El río Urubamba nos acompañaba, y fue un guía durante todo el viaje. Sus aguas caudalosas se veían correr rápido siguiendo su curso, ajenas a todo lo que sucediera a su alrededor. Pasado el mediodía llegamos a Aguas Calientes. A la salida de la estación, un gran mercado de venta de recuerdos típicos nos recibía. Estaba desorientada. Sabía que era un pueblo pequeño pero no había conseguido demasiada información específica. En realidad, creo que no la había justamente porque es un lugar de paso y efectivamente no hay mucho para hacer, ni demasiado donde perderse.
Crucé el puente que me llevaba del otro lado del río, apenas saliendo del mercado. Caminé unos metros y ya me encontraba en la plaza seca que era el punto de referencia. Allí, una oficina de turismo daba información, y fue un buen punto de contacto para responder mis dudas y generarme otras.
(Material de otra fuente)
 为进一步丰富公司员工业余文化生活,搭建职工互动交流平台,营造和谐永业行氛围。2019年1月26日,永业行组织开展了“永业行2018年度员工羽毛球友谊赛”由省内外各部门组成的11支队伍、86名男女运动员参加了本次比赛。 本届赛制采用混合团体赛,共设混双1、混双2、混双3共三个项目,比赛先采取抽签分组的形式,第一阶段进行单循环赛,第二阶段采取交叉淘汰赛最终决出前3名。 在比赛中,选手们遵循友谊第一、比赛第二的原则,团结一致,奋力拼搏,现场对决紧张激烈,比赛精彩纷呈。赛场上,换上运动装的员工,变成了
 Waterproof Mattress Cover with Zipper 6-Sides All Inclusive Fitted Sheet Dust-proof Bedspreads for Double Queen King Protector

Estaba contenta de haber llegado hasta ahí, pero desde que la excursión a la Montaña Rainbow donde la altura me había afectado tanto y los comentarios que me habían realizado del sendero para subir al Huayna Picchu, me sentía bastante insegura de insistir en mi decisión. No tenía entrenamiento físico y eso hacía que cualquier trekking me costara bastante, sobre todo si era en ascenso y con los impactos que podía provocarme la altura. La anemia que tenía (y que sigo teniendo) tampoco sumaba. El oxígeno no llega de la misma manera al cerebro y eso hace que me sienta más cansada.
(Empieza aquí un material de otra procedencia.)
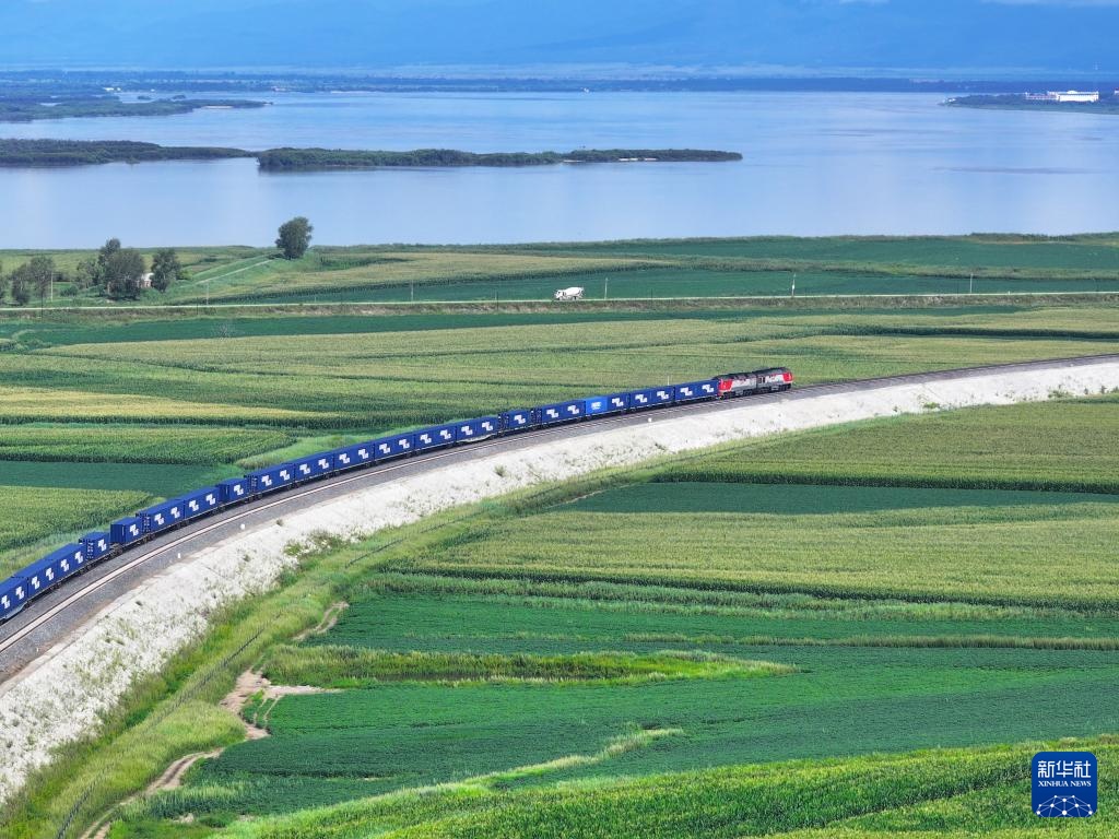 8月9日,一列中欧班列驶出黑龙江同江北站(无人机照片)。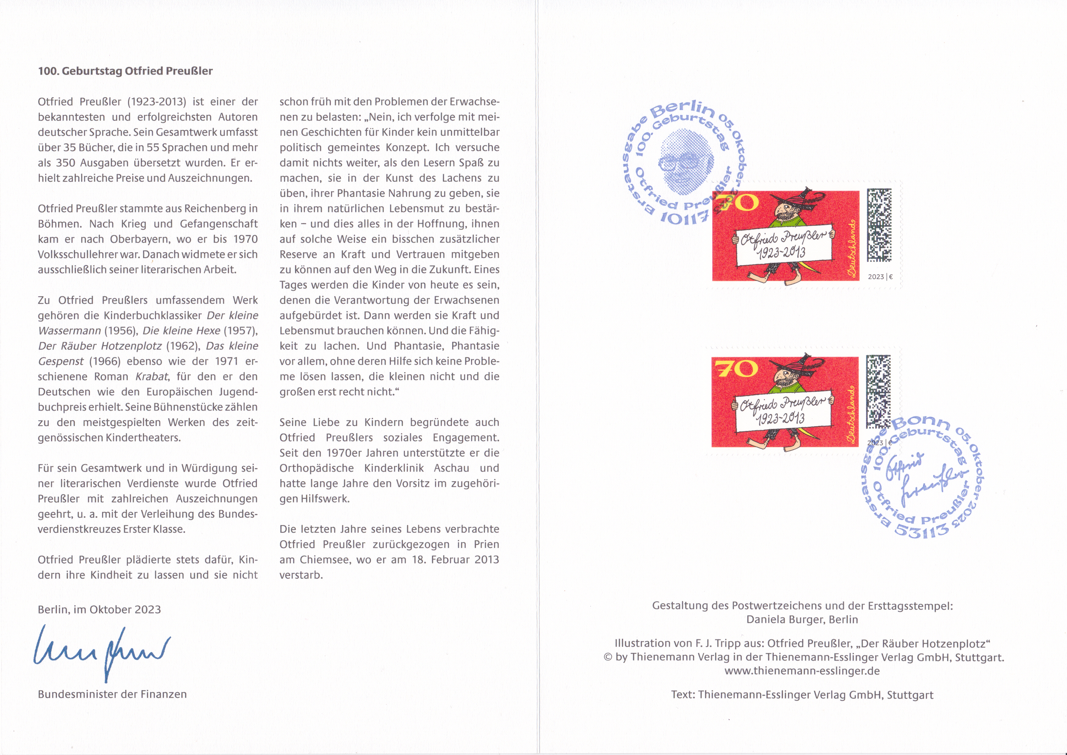 Ministerkarte des Bundesministers für Finanzen mit zwei Marken (MiNr 3788) zum 100. Geburtstag von Otfried Preußler und den beiden Ersttagsonderstempel Bonn und Berlin.

Entre las cosas que me dijeron era que era un sendero estrecho, que era empinado, que estabas al borde del precipicio, que había que subir de a uno y que el sendero estaba en mal estado. También me habían dicho que había tramos en los que había que subir agarrado de una soga pero que esa soga estaba bastante floja debido a la cantidad de gente que subía, que era probable que hubiera lluvia y que con la lluvia el camino era muy resbaloso.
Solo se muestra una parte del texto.